ASSIGNED TASK: Each line in the material below, starting at the one with "Se solicita a" and ending at the one with "Dorsch Regency Creme", is to be reproduced exactly; no picture is to be copied.

RECORD SET:

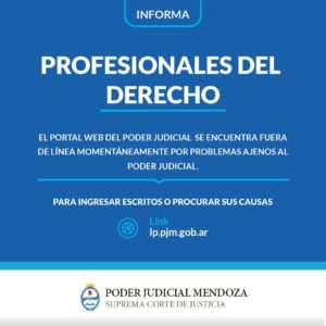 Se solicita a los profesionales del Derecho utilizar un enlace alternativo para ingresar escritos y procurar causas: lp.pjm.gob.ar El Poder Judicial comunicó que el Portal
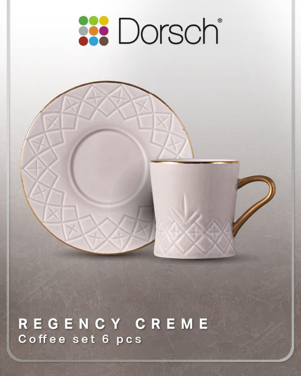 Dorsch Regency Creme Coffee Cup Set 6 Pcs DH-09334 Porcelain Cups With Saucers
---
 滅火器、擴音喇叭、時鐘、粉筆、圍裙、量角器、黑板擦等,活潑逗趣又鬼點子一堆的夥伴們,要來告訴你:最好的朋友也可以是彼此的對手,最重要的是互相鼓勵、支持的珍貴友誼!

RESPONSE BOX:
 Se solicita a los profesionales del Derecho utilizar un enlace alternativo para ingresar escritos y procurar causas: lp.pjm.gob.ar El Poder Judicial comunicó que el Portal
 Dorsch Regency Creme Coffee Cup Set 6 Pcs DH-09334 Porcelain Cups With Saucers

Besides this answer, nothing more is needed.